__DATA SEGMENT__
++++++++++++++++++++

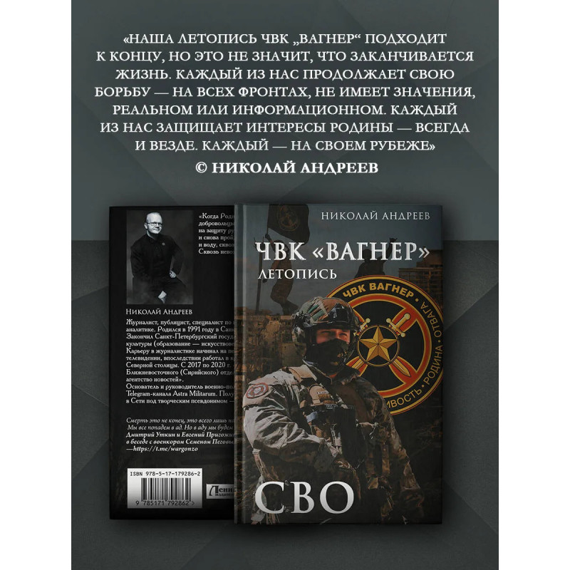 В 2022 году Россия объявила о начале специальной военной операции (СВО) по демилитаризации и денацификации Украины. Возникновение экзистенциальной угрозы на западных границах России потребовалоконсолидации всех усилий по защите русскоязычного населения Донбасса от украинской агрессии. В этих условиях начиная с марта 2022 года в зоне боевых действий в ДНР и ЛНР действует — сперва инкогнито, затем при широкой поддержке общественности — частное добровольческое подразделение ЧВК "Вагнер", которое сумело переломить весь ход СВО и нанести сокрушительное поражение украинским силовикам. Автор книги, журналист и публицист, автор канала Astra Militarum Николай Андреев (известный в Сети под псевдонимом Комиссар Яррик) на протяжении последних лет внимательно следил за подвигами русских добровольцев. В заключительной книге цикла "ЧВК „Вагнер“. Летопись" рассказывается об участии российских военных специалистов в боевых действиях в рамках СВО, освобождении Попасной, Соледара и Артемовска (Бахмута).
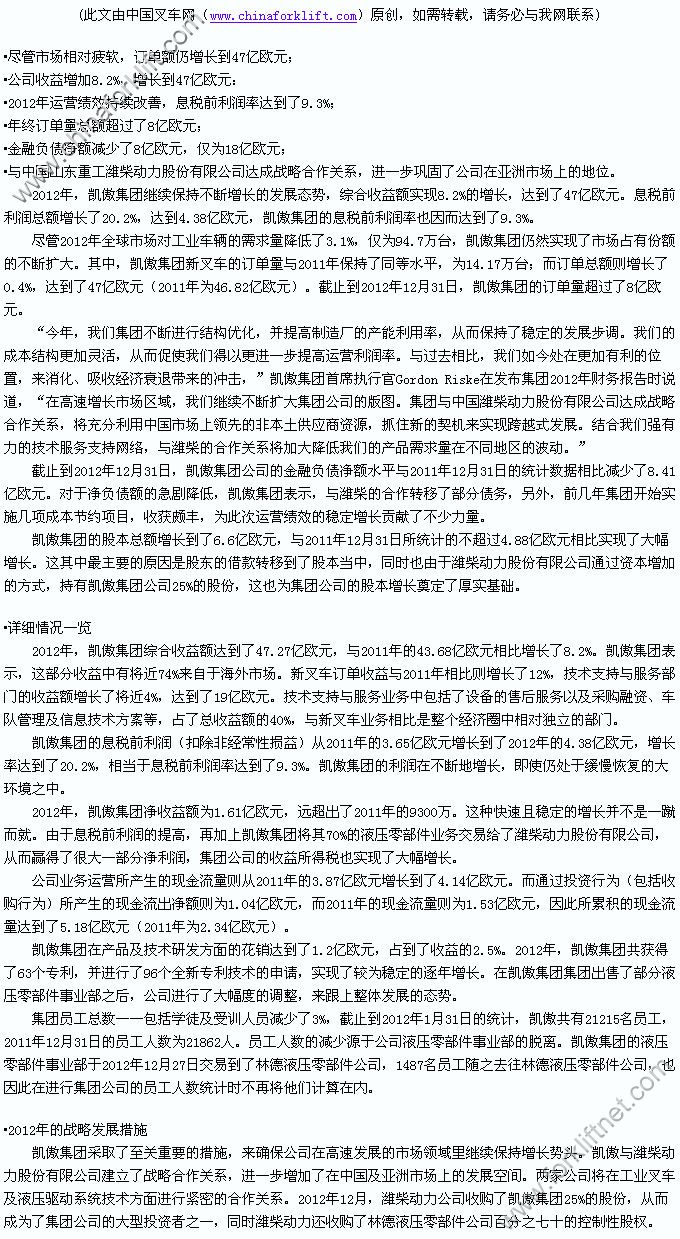 凯傲集团:完成预期目标,稳固行业地位
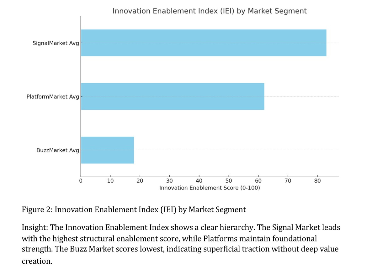 Insight: The Innovation Enablement Index shows a clear hierarchy. The Signal Market leads with the highest structural enablement score, while Platforms maintain foundational strength. The Buzz Market scores lowest, indicating superficial traction without deep value creation.

++++++++++++++++++++

__TASK GOAL__
With the pictures omitted, give every line above again exactly.

__SOLUTION TO THE EXERCISE__
 В 2022 году Россия объявила о начале специальной военной операции (СВО) по демилитаризации и денацификации Украины. Возникновение экзистенциальной угрозы на западных границах России потребовалоконсолидации всех усилий по защите русскоязычного населения Донбасса от украинской агрессии. В этих условиях начиная с марта 2022 года в зоне боевых действий в ДНР и ЛНР действует — сперва инкогнито, затем при широкой поддержке общественности — частное добровольческое подразделение ЧВК "Вагнер", которое сумело переломить весь ход СВО и нанести сокрушительное поражение украинским силовикам. Автор книги, журналист и публицист, автор канала Astra Militarum Николай Андреев (известный в Сети под псевдонимом Комиссар Яррик) на протяжении последних лет внимательно следил за подвигами русских добровольцев. В заключительной книге цикла "ЧВК „Вагнер“. Летопись" рассказывается об участии российских военных специалистов в боевых действиях в рамках СВО, освобождении Попасной, Соледара и Артемовска (Бахмута).
 凯傲集团:完成预期目标,稳固行业地位
 Insight: The Innovation Enablement Index shows a clear hierarchy. The Signal Market leads with the highest structural enablement score, while Platforms maintain foundational strength. The Buzz Market scores lowest, indicating superficial traction without deep value creation.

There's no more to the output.